The Paradox of a Successful Forgiveness Diary
The whole idea of keeping a forgiveness diary to share on this site has worked out differently than I imagined. Despite the lack of forgiveness diary posts making it onto this website, I can nonetheless say that the forgiveness diary idea has so far been a success for me. I’ve started to write several forgiveness diary posts over the past several months only to abandon them. And the reason I abandoned them is because once forgiven I lost interest in the grievances those posts represented; it is almost like the grievances never existed to begin with–due to them losing their emotional clutch on me. Even when I’ve tried to write about the slow burn forgiveness lessons in my life that show no signs of being resolved anytime soon, they too have started to dissolve into a mist of irrelevance when articulated in writing. For instance, there is a certain very “special” young recurring nebulous female character who popped up in my dream at around the same time that I finished the workbook of A Course in Miracles. She is like the partial differential equations of forgiveness for me; she gets my unconscious guilt churning like no one else. But I can’t even write a post about my forgiveness lessons involving her without finding a satisfying sense of indifference that makes me lose interest in writing. The act of writing about grievances starts the forgiveness process rolling in my mind in a way that stops me in my tracks, which results in a weakened (if not fully healed) grievance… and an incomplete forgiveness diary entry. And it works for old grievances too. Of course, I could force myself to keep going with an entry and post it anyway, but once the desire to make a grievance real is gone, so is my desire to give it a reality in writing.

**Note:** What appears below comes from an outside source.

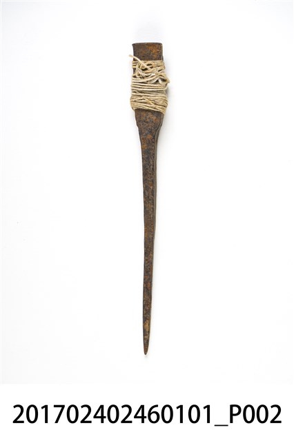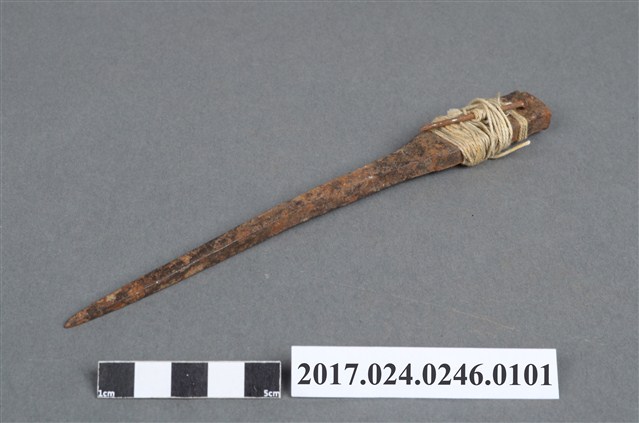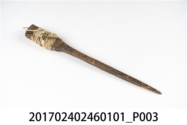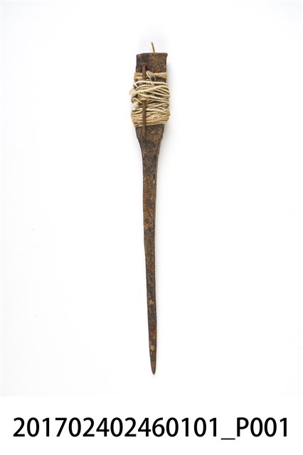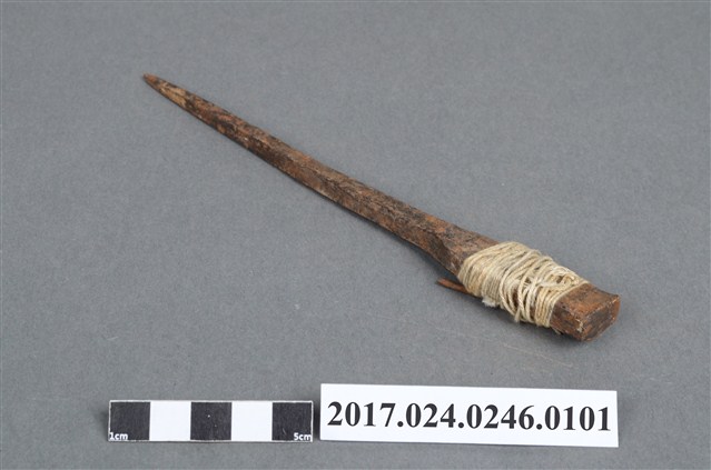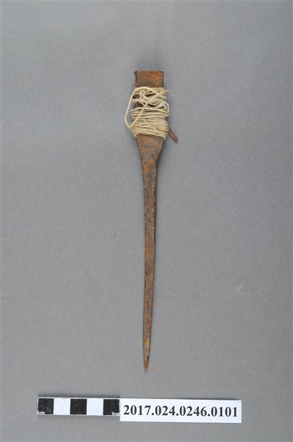 此為日治時期南投街木匠工具箱內容物,為一只墨斗之定規,似為鐵製,略有鏽蝕,上粗下細,並以白線纏繞。(撰稿人:曾國棟)

Don’t get me wrong, there are plenty of things that pop up all the time that represent the unforgivenesses in my mind that linger with me and cause me grief due to delayed forgiveness, but writing helps speed up the forgiveness to a point where I no longer care about making the grievance real. Therefore, I highly recommend that people start a personal forgiveness diary. All you need to do is keep writing until you lose interest in your grievance due to forgiving it. Just think about your grievance and what it represents in the big picture: the seeming separation from God/Oneness. The success of your diary can be an indication of your progress in mastering the art of forgiveness.
I think I’ll have better luck writing a diary about identifying and correcting wrong thinking rather than simply forgiving personal grievances. I think I can avoid coming to a paradox doing that. So, that is probably what I’ll focus on. But really, the best thing to focus on is my next book. I don’t know how long it will take to finish that; it depends on how many distractions arise. It is a slow go so far. I’m going to try to get it finished and out sometime in or by 2014 though.
Also, a Kindle ebook version of The Universe Is a Dream is available at Amazon US and Amazon UK. The ebook breaks the book down into individual comic panels, therefore it can be read on small devices like an iphone or small Kindle.
Keep on forgiving!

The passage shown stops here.